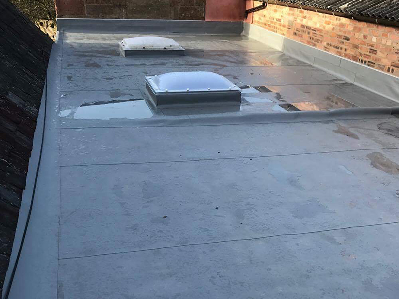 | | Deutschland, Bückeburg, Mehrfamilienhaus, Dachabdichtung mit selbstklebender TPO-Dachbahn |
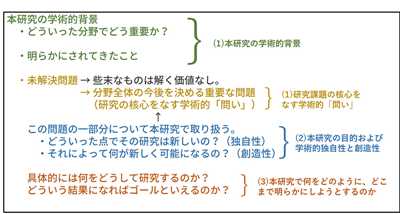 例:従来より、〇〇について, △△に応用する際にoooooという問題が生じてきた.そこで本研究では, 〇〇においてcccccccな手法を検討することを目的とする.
┄┄┄┄┄┄┄┄┄┄┄┄┄┄┄┄┄┄┄┄
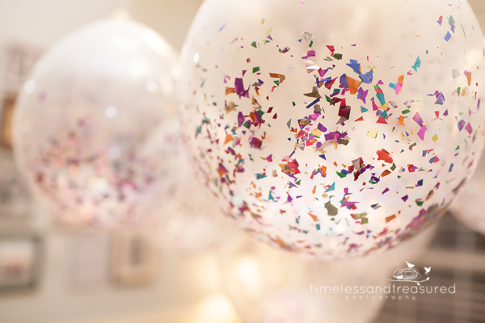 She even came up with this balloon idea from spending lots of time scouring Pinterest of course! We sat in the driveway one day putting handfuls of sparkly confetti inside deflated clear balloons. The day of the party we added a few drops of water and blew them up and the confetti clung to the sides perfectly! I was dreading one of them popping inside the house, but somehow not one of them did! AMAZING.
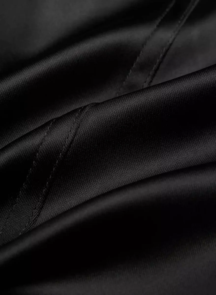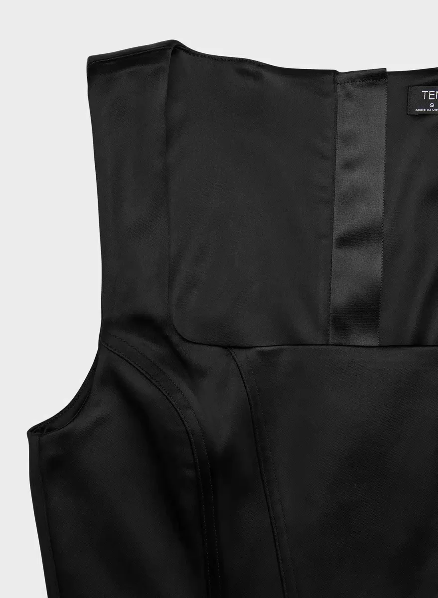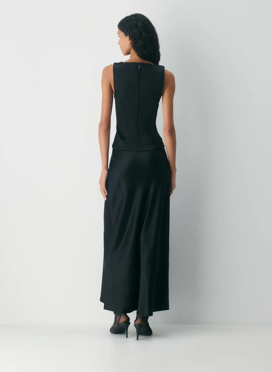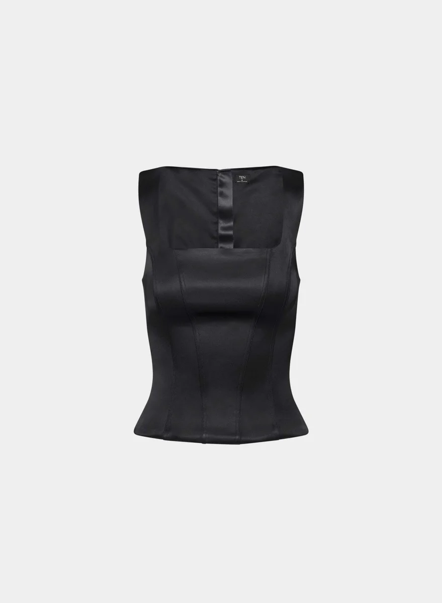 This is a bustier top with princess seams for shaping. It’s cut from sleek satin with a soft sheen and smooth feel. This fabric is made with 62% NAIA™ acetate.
┄┄┄┄┄┄┄┄┄┄┄┄┄┄┄┄┄┄┄┄
■ YOUR ASSIGNMENT:
Give back the exact lines above, running from the one that has "She even came" through the one that has "This is a bustier", with nothing added and no pictures.

■ ANSWER AREA:
 She even came up with this balloon idea from spending lots of time scouring Pinterest of course! We sat in the driveway one day putting handfuls of sparkly confetti inside deflated clear balloons. The day of the party we added a few drops of water and blew them up and the confetti clung to the sides perfectly! I was dreading one of them popping inside the house, but somehow not one of them did! AMAZING.
 This is a bustier top with princess seams for shaping. It’s cut from sleek satin with a soft sheen and smooth feel. This fabric is made with 62% NAIA™ acetate.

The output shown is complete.